● WORK TASK: Below are the records; return every line from the one that contains "Opryskiwacz, jak każde" to the last, exactly, skipping the pictures.

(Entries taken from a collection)
• • • •

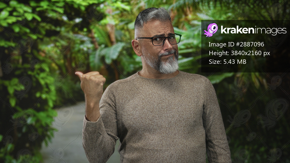 Man pointing thumb over shoulder at a green forest path, wearing glasses and grey beard with knit sweater, visible hand gesture and raised thumb; bemused skepticism. - Kraken Images
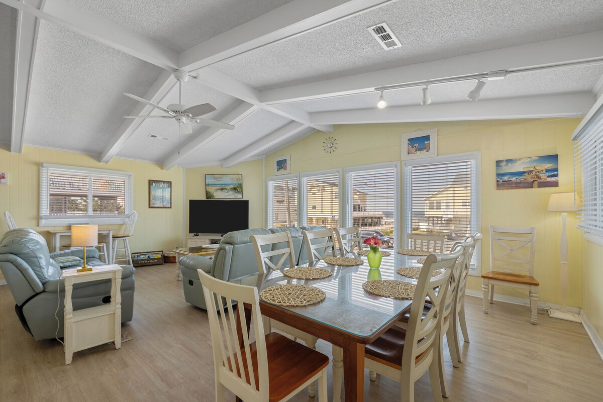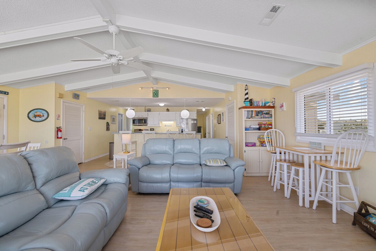 Welcome to A Key West Heart! This breathtaking semi-oceanfront beach house is designed for a cozy and relaxing beach vacation, making you feel right at home. You'll love the Key West Island-style decor and upscale furnishings throughout the home, perfect for you and your family to truly unwind. Step outside and take a refreshing dip in the in-ground pool, or find a shaded spot under the house to cool off in the hammock. Right across the street, you'll find easy access to the beautiful sandy beach. You and your family will appreciate the convenience of being just a few steps away from having your toes in the sand. The views from this beach house are truly spectacular. Head up to the rooftop deck to enjoy panoramic ocean views, or relax on the screened porch. Nothing beats watching a sunset over the beach from here! Bedroom 1: 1 King; Bedroom 2: 1 King; Bedroom 3: 1 Queen; Bedroom 4: 2 twin over twin bunk sets; Bedroom 5: Double and twin over twin bunk set Our prices include all fees. No hidden fees.
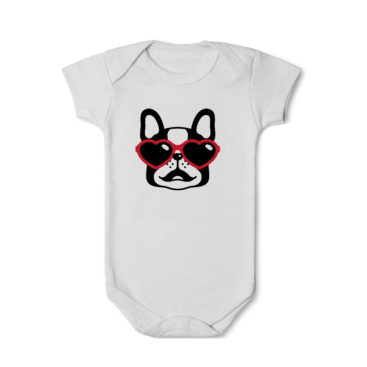 O Body Infantil – Dog Heart Eyes traz a ilustração de um dog estiloso usando óculos em formato de coração, unindo charme e diversão em uma peça única. Um body que transmite amor e garante um look cheio de personalidade para os pequenos.
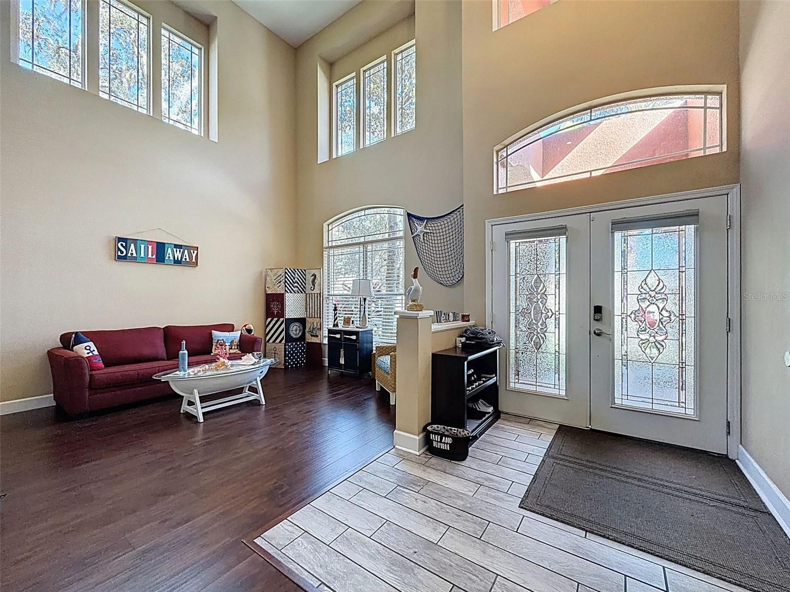 One or more photo(s) has been virtually staged. WELCOME TO YOUR SPACIOUS LAKEFRONT POOL HOME IN THE HIGHLY SOUGHT-AFTER WATERS EDGE COMMUNITY! Situated on an oversized lot, this exceptional residence offers nearly 4,000 square feet of living space and delivers the ultimate Florida lifestyle, complete with private heated pool and spa, and exclusive private boat ramp access for lakefront homeowners. Step inside the grand, light-filled foyer where volume ceilings and an elegant curved staircase create a stunning first impression. The open-concept floor plan seamlessly connects the kitchen, breakfast nook, formal dining room, office, living room, and family room—perfect for both everyday living and entertaining. The remodeled gourmet kitchen is a chef’s dream, featuring stainless steel smart appliances, tile backsplash, premium wood cabinetry, granite countertops, pantry, center island, and breakfast bar. The first-floor primary suite is a private retreat with a sitting area, bay windows, and tray ceiling. The updated en-suite bath offers granite countertops, dual sinks, a garden tub, separate shower, and a spacious walk-in closet. The main level also includes a dedicated laundry room, office, and powder bath. The outdoor oasis, completed in 2021, is the crown jewel of the home. Enjoy year-round entertaining with a saltwater heated pool and spa, outdoor kitchen, and expansive patio—perfect for relaxing or hosting gatherings. Upstairs, you’ll find a loft and all secondary bedrooms, including two connected by a Jack-and-Jill bathroom with dual sinks. The largest upstairs bedroom has been transformed into a private movie theater, complete with in-ceiling speakers and projector. Additional upgrades include dual A/C units (2018), fresh exterior paint (2024), new sod and irrigation system (2021), and built-in theater audio (2021). Take in serene lake views as you stroll down the sidewalk to the clubhouse where your private dock and direct lake access awaits, ideal for fishing, boating, and kayaking. Lakefront owners also enjoy exclusive private boat ramp privileges. Waters Edge offers resort-style amenities, including a clubhouse, fitness center, two pools, basketball court, and two playgrounds. The low HOA fee includes cable, Spectrum high-speed internet, and trash service. This exceptional lakefront home truly offers location, luxury, and lifestyle. SCHEDULE YOUR PRIVATE SHOWING TODAY!! DON'T MISS OUT ON YOUR OPPORTUNITY TO OWN YOUR DREAM HOME!!
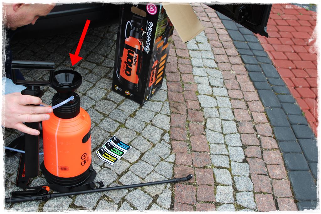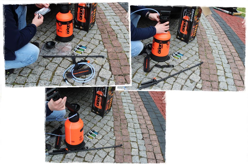 Opryskiwacz, jak każde tego typu urządzenie, po zakupie trzeba wyjąć z pudełka i zmontować. Ale spokojnie. Zmontować to nie znaczy nie wiadomo co, po prostu w kilku krokach, trzeba połączyć poszczególne elementy, innymi słowy przygotować go do pracy.
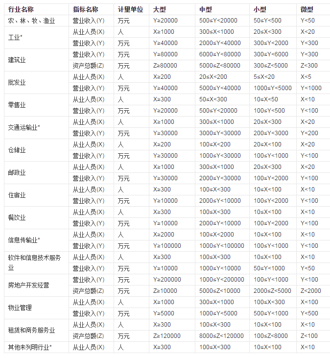 根據工業和信息化部、國家統計局、國家發展改革委、財政部《關于印發中小企業劃型標準規定的通知》,國內的中小微企業按以下標準劃分:

• • • •

● EXERCISE RESULT:
 Opryskiwacz, jak każde tego typu urządzenie, po zakupie trzeba wyjąć z pudełka i zmontować. Ale spokojnie. Zmontować to nie znaczy nie wiadomo co, po prostu w kilku krokach, trzeba połączyć poszczególne elementy, innymi słowy przygotować go do pracy.
 根據工業和信息化部、國家統計局、國家發展改革委、財政部《關于印發中小企業劃型標準規定的通知》,國內的中小微企業按以下標準劃分:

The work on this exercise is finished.